=== Exercise ===
Exactly as they appear below, repeat the lines from the one with "4月4日,芬兰外交部长佩卡‧" through the one with "Water Drops. Different". Drop every picture.

***** Records *****

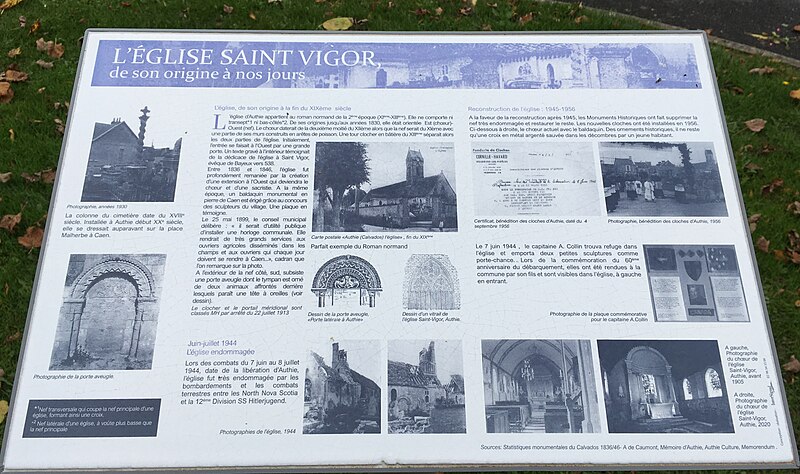 L'église Saint-Vigor est une église catholique située dans le bourg d'Authie, dans le département du Calvados. Elle est dédiée à Vigor de Bayeux, évêque de Bayeux de 513 à 537. Le clocher en bâtière et le portail méridional ont été classés au titre des monuments historiques le 22 juillet 1913, et la croix du cimetière est inscrite depuis le 18 mars 1927. La croix, datée du XVIIIe siècle, se présente sous la forme d'une colonne torsée en pierre surmontée d'une croix à laquelle manque la branche supérieure. Sont également signalés dans la description architecturale le portail sud-ouest dit « méridional », la nef et le chœur de l'église. Pour compléter cette fiche, on peut consulter la notice d'Arcisse de Caumont, Statistique monumentale du Calvados (t. 1, p. 281-283), ainsi que les ressources des portails consacrés aux monuments historiques, au Calvados et à l'architecture chrétienne. Des illustrations et documents complémentaires sont disponibles sur Wikimedia Commons sous la rubrique Église Saint-Vigor d'Authie.
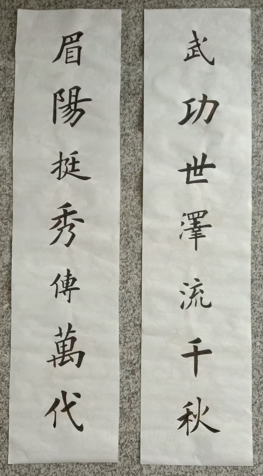看那副“武功世泽流千秋,眉阳挺秀传万代”对联,楷书根基扎实。笔画如精心雕琢,横画平稳舒展,竖画笔直劲挺,似有撑起天地之势。
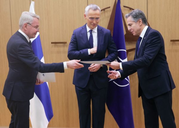4月4日,芬兰外交部长佩卡‧哈维斯托(Pekka Haavisto)在布鲁塞尔北约总部向美国国务卿安东尼‧布林肯递交了一份正式文件,从而完成了加入北约程序。
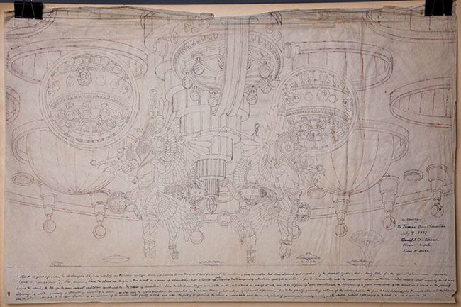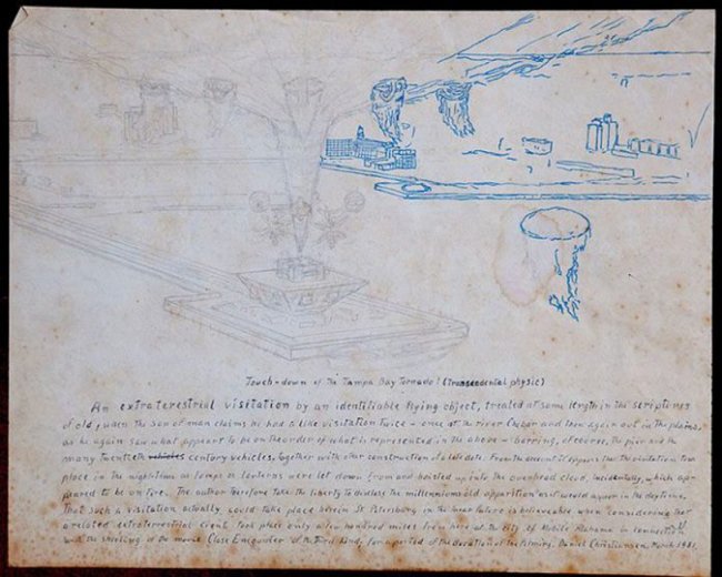 В первую очередь из коробки извлекли целый ворох эскизов НЛО, выполненных рукой профессионала. Летающие тарелки окружают существа о четырех головах — таких, кстати, описывает книга Иезекииля.
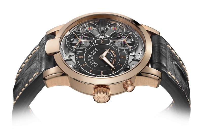 ARMIN STROM’s Mirrored Force Resonance contains more than just great mechanical design; this groundbreaking timepiece comprises an innovative, sophisticated mechanism created for the pursuit of precision in a way that has never before been seen in a wristwatch: the eminently visible animated resonance clutch spring that connects two oscillators, the most sensitive part of a watch’s movement. Thus, the top of the movement becomes a stage for the stars of the timekeeping show underneath a transparent dome of scratch-resistant sapphire crystal, putting the fascinating functionality of the oscillating balances squarely in the spotlight while simultaneously improving the watch’s precision using the phenomenon of resonance.
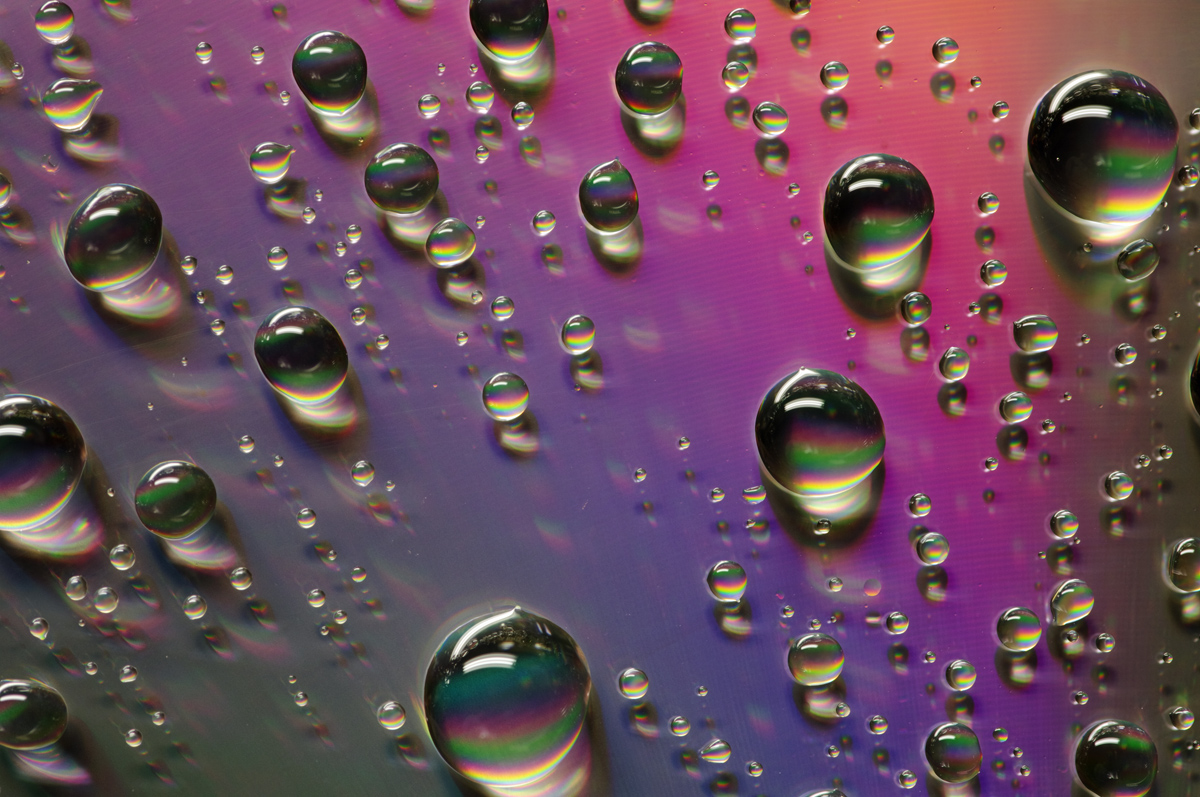 Water Drops. Different lighting this time. This shot placed drops on a tablet screen. Backlighting makes intense colors. Used the Pentax DFA100 macro lens for this image.
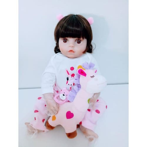 Boneca Bebe Reborn Realista Girafinha Menina de Silicone 48cm Olhos Castanhos
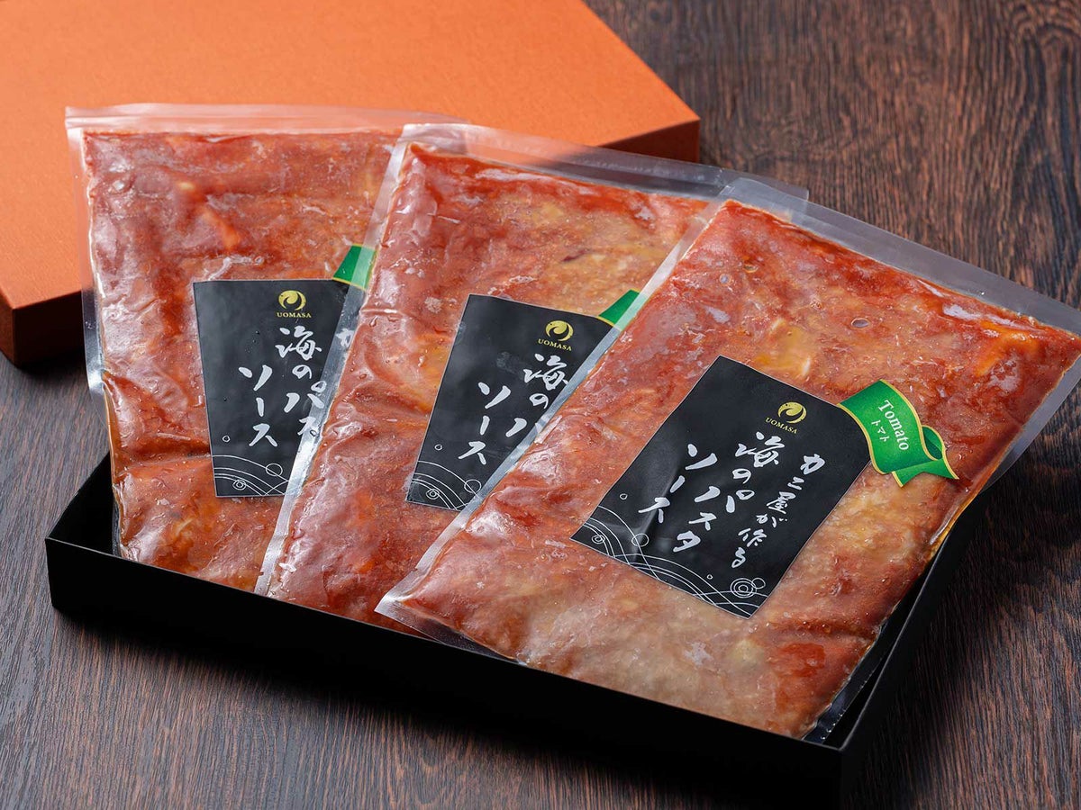 | 原材料 | 魚介出汁:天然魚(マダイ、ヒラメ、スズキ、アカムツなど 日本海山陰西部産)、昆布 バイガイ、クロザコエビ、ケンサキイカ(日本海西部産)トマトソース(トマト、ニンニク、玉ねぎ、白ワイン)ガーリックオリーブオイル、鷹の爪、塩、コショウ |

*****

=== Exercise result ===
4月4日,芬兰外交部长佩卡‧哈维斯托(Pekka Haavisto)在布鲁塞尔北约总部向美国国务卿安东尼‧布林肯递交了一份正式文件,从而完成了加入北约程序。
 В первую очередь из коробки извлекли целый ворох эскизов НЛО, выполненных рукой профессионала. Летающие тарелки окружают существа о четырех головах — таких, кстати, описывает книга Иезекииля.
 ARMIN STROM’s Mirrored Force Resonance contains more than just great mechanical design; this groundbreaking timepiece comprises an innovative, sophisticated mechanism created for the pursuit of precision in a way that has never before been seen in a wristwatch: the eminently visible animated resonance clutch spring that connects two oscillators, the most sensitive part of a watch’s movement. Thus, the top of the movement becomes a stage for the stars of the timekeeping show underneath a transparent dome of scratch-resistant sapphire crystal, putting the fascinating functionality of the oscillating balances squarely in the spotlight while simultaneously improving the watch’s precision using the phenomenon of resonance.
 Water Drops. Different lighting this time. This shot placed drops on a tablet screen. Backlighting makes intense colors. Used the Pentax DFA100 macro lens for this image.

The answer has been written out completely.